Love the Rock & Roll Hotel. Can’t wait to hear some actual rock & roll there.
Here’s my original version:
Alexi Murdoch has never been in much of a hurry. At the Rock and Roll Hotel Sunday night, the Scottish indie balladeer took 90 minutes to crawl through just 11 of his dreamy, languid folk songs.
Murdoch is used to making audiences wait. After releasing his debut EP, “Four Songs,” in 2002, he took four years to follow it up with a full album. In between, one of the songs from his EP, “Orange Sky,” became a breakout hit, appearing in a Honda commercial and several FOX TV shows. (The song was also used in “Garden State,” but did not appear on that film’s kingmaking soundtrack album.)

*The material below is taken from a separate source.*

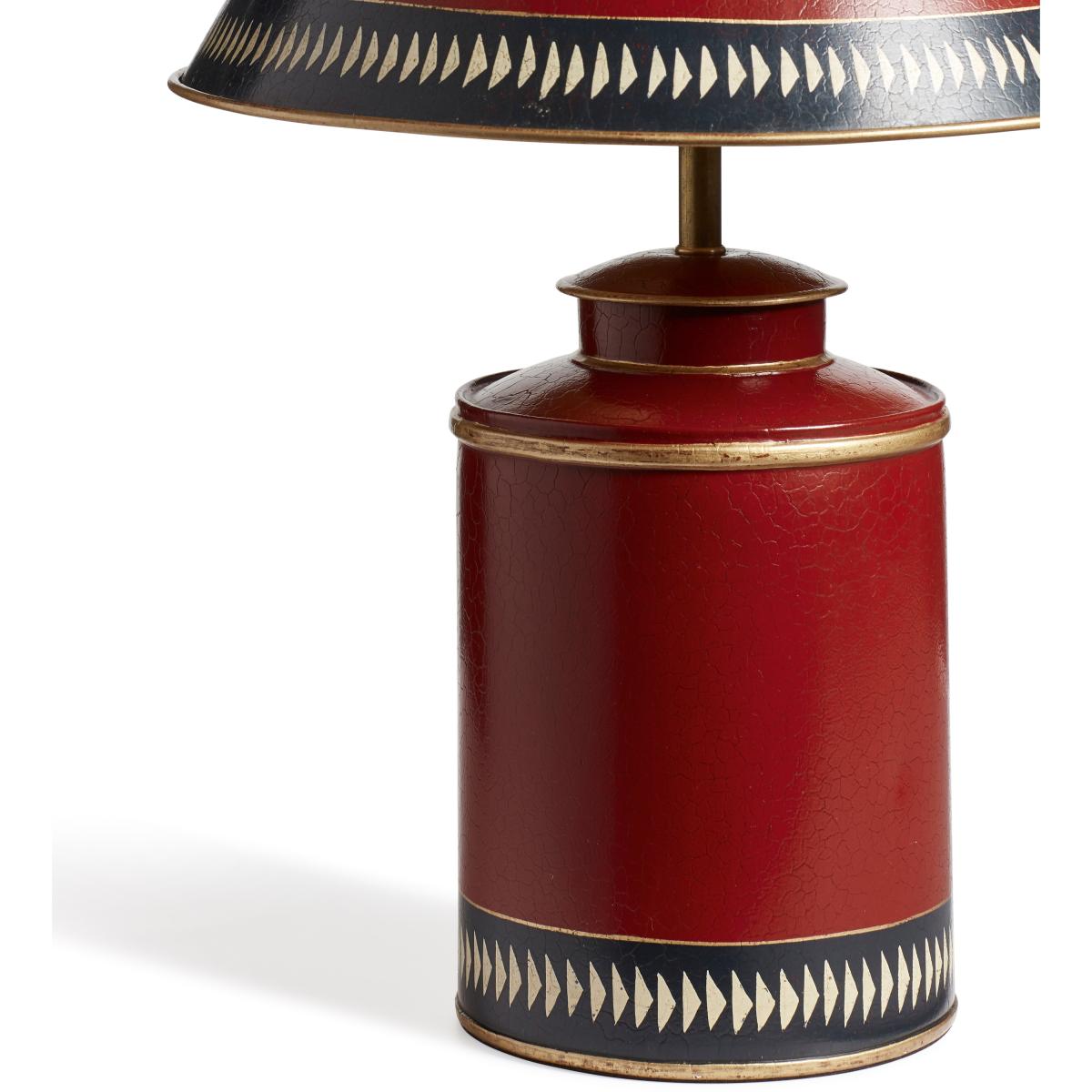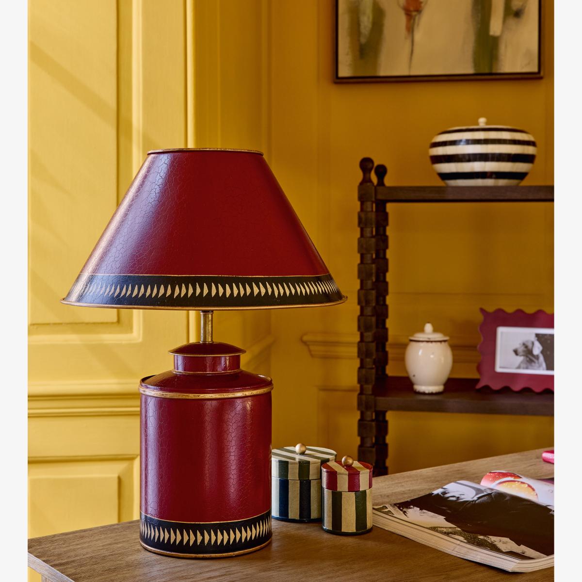 The Kolmio Table Lamp is a striking piece, handmade from iron and meticulously hand-painted in red with a repeating arrow-pattern border and bronzed edges. The shade is hand formed and hand welded, combining vintage style with Regency-era gold touches and bold, rich colours. The details are hand painted by a small group of talented artisans led by a master painter who has honed their craft over many generations to produce these beautifully layered pieces. The colour is created in a lengthy process through many layers of paint; the craftspeople wait for each layer to dry before applying the next, and finally adding a crackled effect for antique style. Due to the artisanal techniques used, each piece will have individual characteristics that add to their charm. This lamp would look beautiful tucked away in a reading corner, adding interest and colour into the darkest corners of your home or equally, front and centre as a focus of your desk or dressing table for all to see.

All that licensing money must buy a lot of studio time.
Or maybe just a lot of guitar-tuning time. Murdoch, accompanied only by a second guitarist until his opening act, the Los Angeles art-wave band Midnight Movies, joined him onstage in the latter half, didn’t expand his material with jams or solos, or introduce them with rambling anecdotes. Mostly, he tuned. It’s ironic that a performer so obsessive about minute variations of his sound could be so indifferent to other, arguably more important elements of successful performance, like pacing. But the Rock and Roll hotel is an acoustically supple room, and when Murodch finally did get around to singing, both his vocal and his hypnotic guitar tones were rich and warm. When he remembered several hundred people were staring at him, Murdoch was gracious, thanking the near-capacity crowd for venturing out on a Sunday night for his first local gig.
While the show was uneven, individual performances were lovely. “Dream About Flying” was all menace, Murdoch’s fingerpicked guitar figure conjuring an atmosphere of paranoia while Midnight Movies’ rhythm section steadily built up tension. Other collaborations were less convincing: When Murdoch sang “Breathe,” with its “Don’t forget to . . . “ refrain, he might have been addressing Midnight Movies vocalist/drummer Gena Olivier, who tried to sing backup, but couldn’t seem to raise her voice above a whisper. (She wasn’t playing drums at the time.)
Murdoch saved the evening’s strongest performance, the elegiac “Blue Mind,” for last. Unfortunately, with the hour approaching 1 a.m. and a new work week looming, much of the audience hadn’t stuck around to hear it.